Qué es la ecolocalización

Yamila · 10 mayo, 2018
Gracias a la emisión de sonidos y a su posterior interpretación del eco que proyectan sobre los objetos próximos, hay animales que son capaces de orientarse en el aire, en la oscuridad y en el mar

¿Te has puesto a pensar alguna vez cómo hacen ciertos animales para ubicarse en el mar o en el cielo? Esto mismo se han preguntado varios científicos antes de acunar el término ecolocalización que te explicamos en este artículo.

Ecolocalización: técnica para interpretar el ambiente

La ecolocalización es la capacidad que tienen algunos animales para poder conocer un entorno, identificar peligros y encontrar presas, a través de la emisión de sonidos y la posterior interpretación del eco que proyectan sobre objetos cercanos.

Este término se empezó a usar por primera vez en 1938, tras varios estudios en los murciélagos. Merece la pena destacar que no todos los de la familia Chiroptera utilizan dicho mecanismo. Sí es empleado por los delfines, los cachalotes (ambos cetáceos) y algunas aves como el vencejo, la salangana y el guácharo. Los barcos y los submarinos se basan en este principio para navegar.

La ecolocalización es fácil de comprender. Pongamos como ejemplo el murciélago, el cual tiene una vista muy débil y además sale a cazar de noche. Gracias a este mecanismo puede encontrar comida y, además, sortear diversos obstáculos, como puede ser un árbol o un depredador.

Gracias a este sistema de localización conocerá la distancia a la que se encuentra de un objeto. ¿Cómo lo sabe? Calcula el tiempo de retraso entre que emite la señal y esta es recibida otra vez.

Pero por supuesto que es mucho más que eso, ya que para lograr decodificar dicho mensaje es necesario contar con una anatomía especial. En el caso de los murciélagos, sus oídos están colocados a cierta distancia entre sí para comprender mejor lo que sucede a su alrededor.

La ecolocalización en los delfines

El otro ejemplo más conocido de ecolocalización es la que realizan los delfines (y los cachalotes). En este caso se lleva a cabo mediante la emisión de una gama de sonidos, los cuales viajan a través del agua y les permiten obtener mucha información sobre aquello que les rodea.

Ecolocalización de los delfines

A través de los impulsos sonoros –conocidos como clicks– de alta o baja frecuencia, un delfín puede encontrar a sus presas y también reencontrarse con sus congéneres. Para ello, obviamente necesitan una audición direccional sensible y una inteligencia superior.

Si analizamos la fisonomía de este cetáceo, podemos ver que cuenta con una capa de grasa aceitosa en los costados de la cabeza y en la mandíbula inferior, la cual le permite recibir los ecos. Cuando el delfín nada, va moviendo el cráneo hacia los lados, arriba y abajo. De esta manera ‘explora’ lo que hay a su alrededor.

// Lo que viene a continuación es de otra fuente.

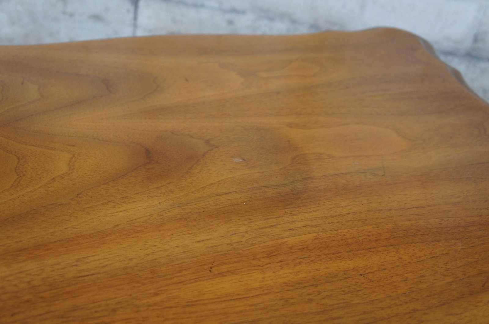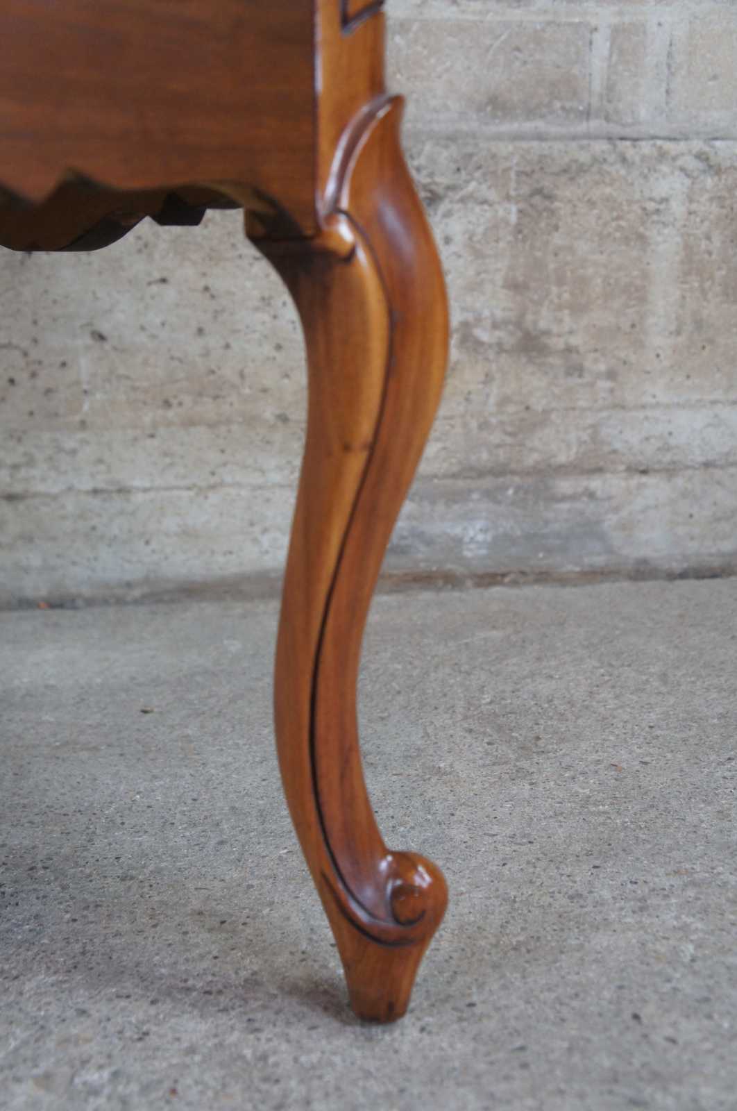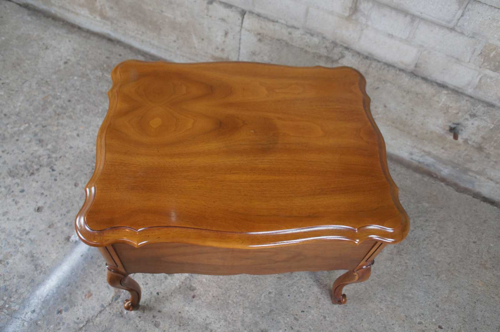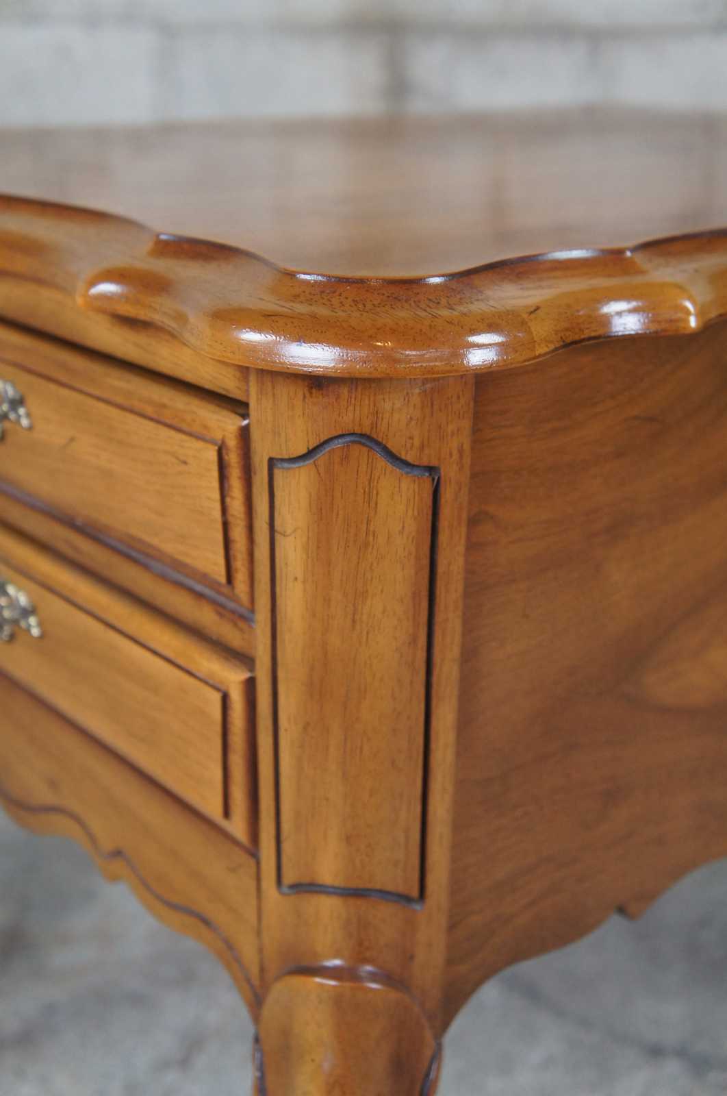 Vintage Hammary Maisonette French Louis XV chairside tables or nightstands. Made of walnut featuring a scalloped serpentine design over two drawers and cabriole legs.

¿Y qué sucede con las aves?

Si bien los dos casos más ‘famosos’ de ecolocalización son el murciélago y el delfín, también hay algunas aves que han aprendido esta técnica para poder orientarse. El vencejo es similar a la golondrina (aunque no están relacionados) y ha podido desarrollar un mecanismo que le permite saber dónde está en la oscuridad, ya que duerme en cuevas.

Vencejo: características

La subespecie de las islas Cook utiliza la ecolocalización fuera de la madriguera, de la cual sale por las noches para conseguir alimento.

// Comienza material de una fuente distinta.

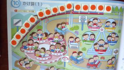 かけ算のはじめの学習で,乗り物に子どもが何人乗っているかを学習しました。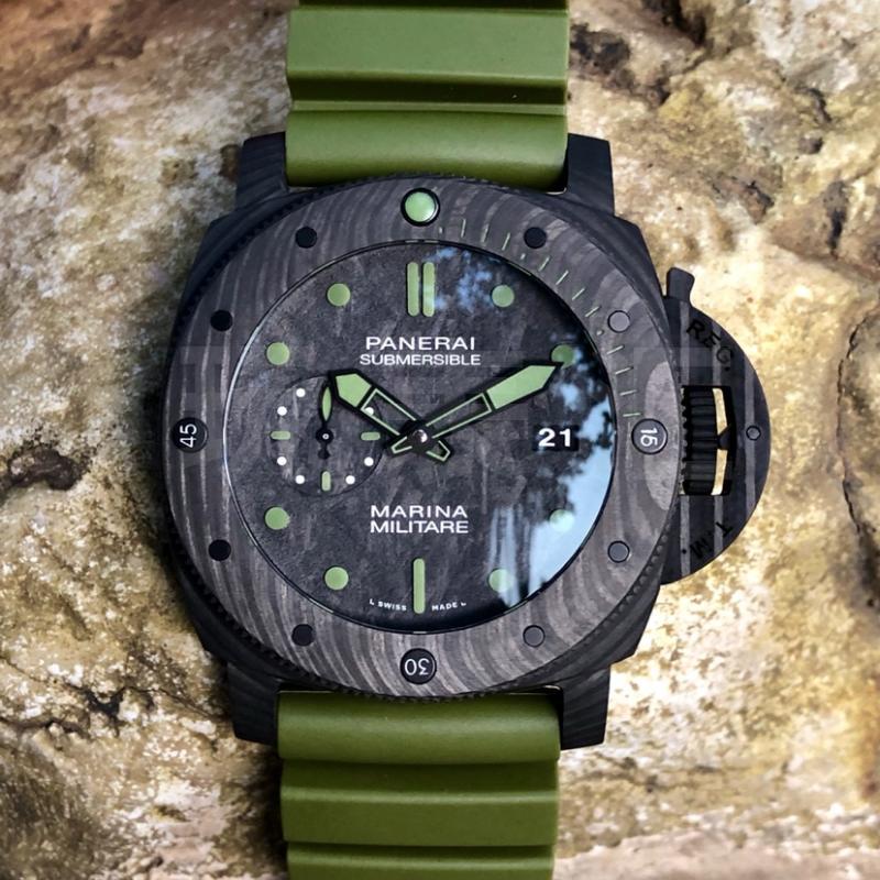 VS厂沛纳海961整壳套采用的是真规格碳纤维材料,这样的材质在VS厂这已经具有充足的功底了,很多同款出得都不错。整表的纹路跟手感层次分明,把玩性超强47MM大小的盘面让整表呈现得更加大气具有动感,戴上它直面极限,突破自我,尽显硬朗帅气的军人风范。

La salangana papú es un ave nativa de Nueva Guinea capaz de ecolocalizar cuando vuelan en el exterior de su refugio y además se diferencia de otras especies porque emite clics simples y no dobles, como sucede con los parientes del género Aerodramus.

Por último, el guácharo o ave de las cavernas, es frugívora y nocturna. Usa este sistema para navegar en condiciones de poca visibilidad. Junto a su gran olfato, puede alimentarse de frutas antes de que salga el sol. Durante el día se resguarda en cuevas profundas y apenas se despierta pone en funcionamiento ese GPS especial que incluye clicks de gran frecuencia, audibles sin problemas por el ser humano.